Friday, Mar. 15, 1963
Kairopractice
St. Paul has always been thought to be one man who did not put off writing letters; 14 of the New Testament's 21 Epistles are attributed to him. Now a canny Scots minister from the town of Culross claims to have scientific evidence that Paul wrote only four of the letters that bear his name--Romans, I and II Corinthians, and Galatians.
The Rev. Andrew Morton, who will publish his findings next month in a volume of New Testament studies, got his evidence from an electronic computer operated by the University of London. Until now, Morton argues, scholars could only question Paul's authorship on the basis of their personal, subjective analysis of the literary style of the Epistles, and "evidence" that convinced one scholar often left another unimpressed. Investigator Morton decided to use statistics instead of intuition.
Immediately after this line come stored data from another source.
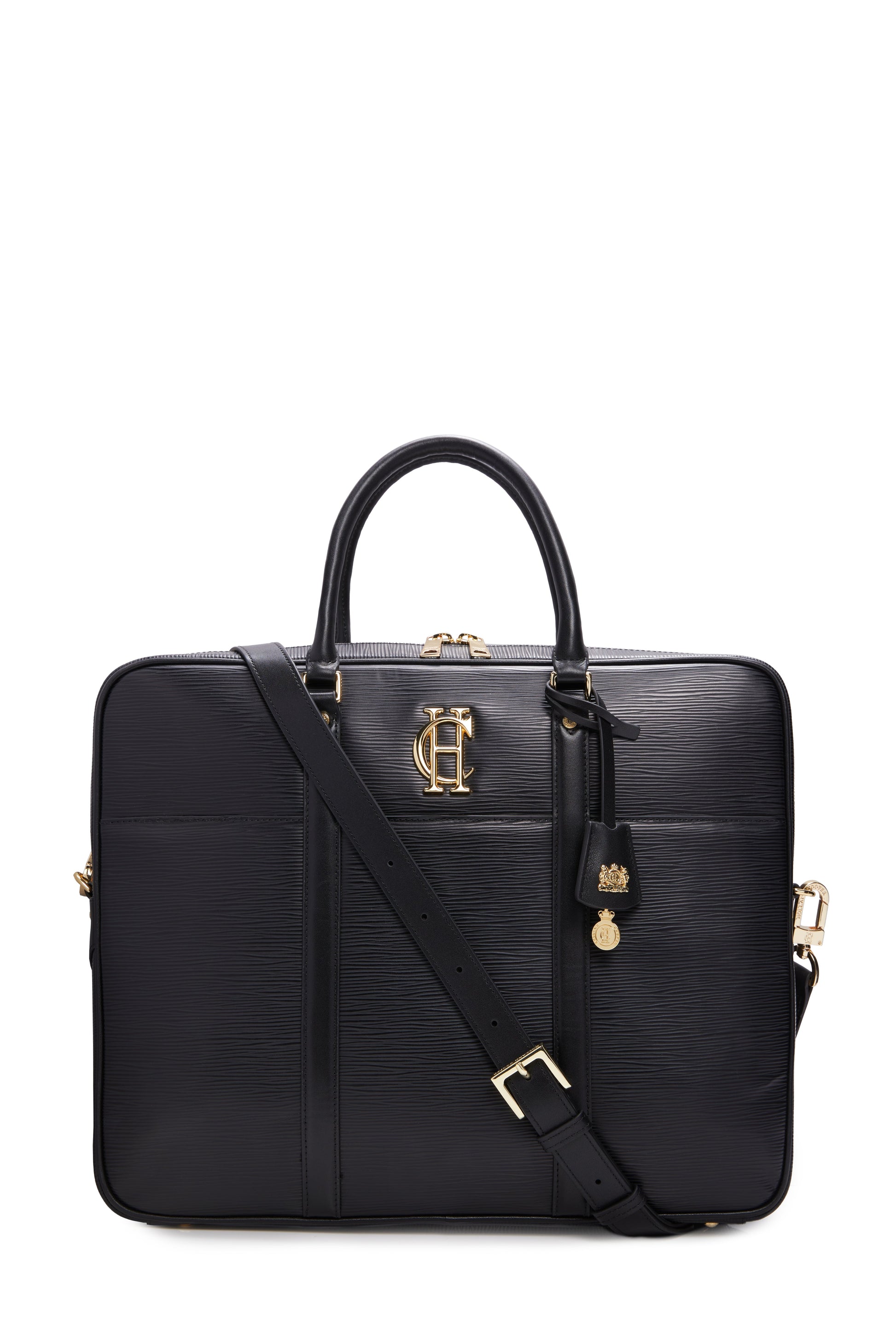 The briefcase is designed with a padded upper for added protection, base rivets for durability, and a gold zip closure. Fully branded with the iconic Gold HC, this briefcase is a sophisticated and practical choice for the modern professional.
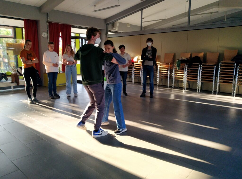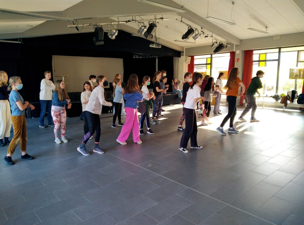 Schon im Vorfeld hatten sich einige Schülerinnen und Schüler aus der Oberstufe gemeldet, um in der AG mitzuhelfen – und sie hatten gleich noch weitere Freunde angeheuert und mitgebracht. Wir waren alle neugierig: Wer würde am ersten Tanzabend kommen? Wie viele würden wir werden? Und auf einmal waren mehr als 25 Tanzbegeisterte aus unterschiedlichsten Klassen in der Aula versammelt.
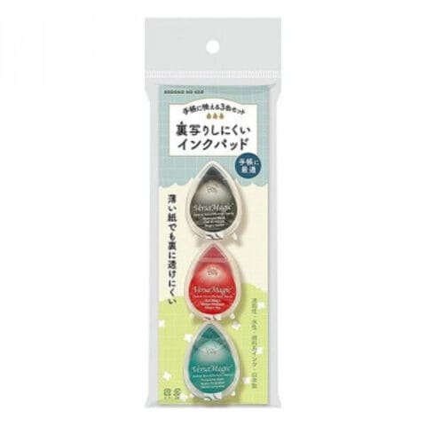 手帳に最適、薄い紙でも裏に透けにくいインクパッド「バーサマジック」を3色セットにしました。

On the theory that every writer has certain subconscious, invariable writing habits. Morton had Dr. Michael Levison of Birkbeck College program the London computer to check the frequency and use of kai, a common Greek word meaning and, also, even, etc., in sentences drawn from nine classical writers--including Plato and Plutarch--found that each had a clear and distinct pattern in the way he handled his kais.
To test his hypothesis on the Epistles, Morton started with the assumption that Paul was indeed the author of Galatians (an attribution no scholar questions), fed every sentence in the Epistles to the computer for kai counting. Morton's conclusion: "There are four Epistles which were written by a man whose vocabulary had a constant proportion of kais in it, who used his kais in a consistent pattern and who, by definition, must be the Apostle Paul. The other ten Epistles exhibit diverse characteristics and must have come from at least three other hands."
Morton believes his discovery to be a hard blow against all kinds of Fundamentalists, who take the Bible literally. "This is one in the eye for all the Bible thumpers," he says. But he argues that his study "in no way detracts from the Epistles' value as church scripture," since the churches have always accepted them, regardless of authorship, as accurate reflections of Pauline teaching.